◆ **Dataset section**:
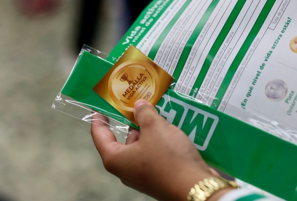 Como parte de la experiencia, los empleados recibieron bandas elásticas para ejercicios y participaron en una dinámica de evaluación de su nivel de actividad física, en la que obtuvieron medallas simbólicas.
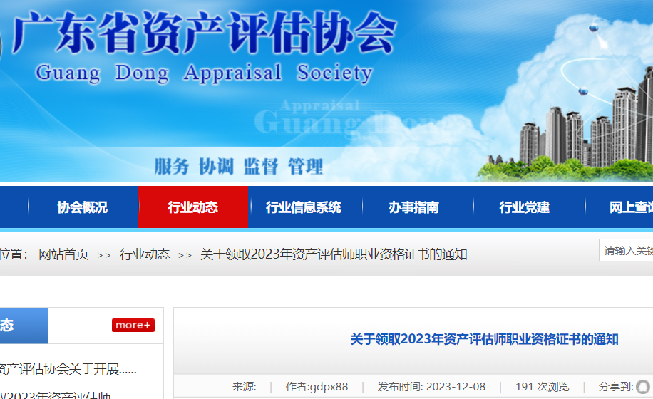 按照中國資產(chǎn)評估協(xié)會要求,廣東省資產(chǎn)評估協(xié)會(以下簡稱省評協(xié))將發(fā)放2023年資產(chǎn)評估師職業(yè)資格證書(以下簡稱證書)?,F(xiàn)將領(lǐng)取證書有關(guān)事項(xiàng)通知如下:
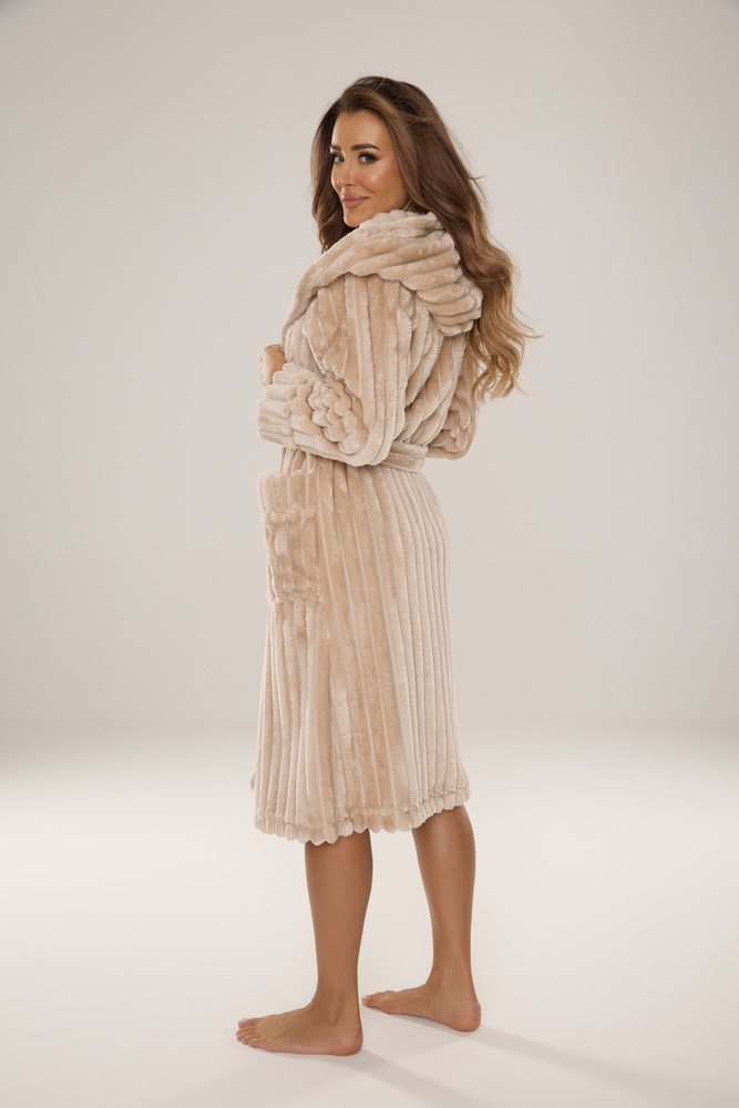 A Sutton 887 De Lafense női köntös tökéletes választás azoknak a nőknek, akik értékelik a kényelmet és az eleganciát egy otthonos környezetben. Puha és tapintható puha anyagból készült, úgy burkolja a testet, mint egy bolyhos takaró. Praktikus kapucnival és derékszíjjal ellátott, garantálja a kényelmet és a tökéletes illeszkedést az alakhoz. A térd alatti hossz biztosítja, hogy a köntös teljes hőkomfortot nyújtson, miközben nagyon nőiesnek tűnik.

◆ **Description of the task**:
The response should consist of the lines above from the first through the one containing "按照中國資產(chǎn)評估", transcribed exactly, with every picture left out.

◆ **Task output**:
 Como parte de la experiencia, los empleados recibieron bandas elásticas para ejercicios y participaron en una dinámica de evaluación de su nivel de actividad física, en la que obtuvieron medallas simbólicas.
 按照中國資產(chǎn)評估協(xié)會要求,廣東省資產(chǎn)評估協(xié)會(以下簡稱省評協(xié))將發(fā)放2023年資產(chǎn)評估師職業(yè)資格證書(以下簡稱證書)?,F(xiàn)將領(lǐng)取證書有關(guān)事項(xiàng)通知如下:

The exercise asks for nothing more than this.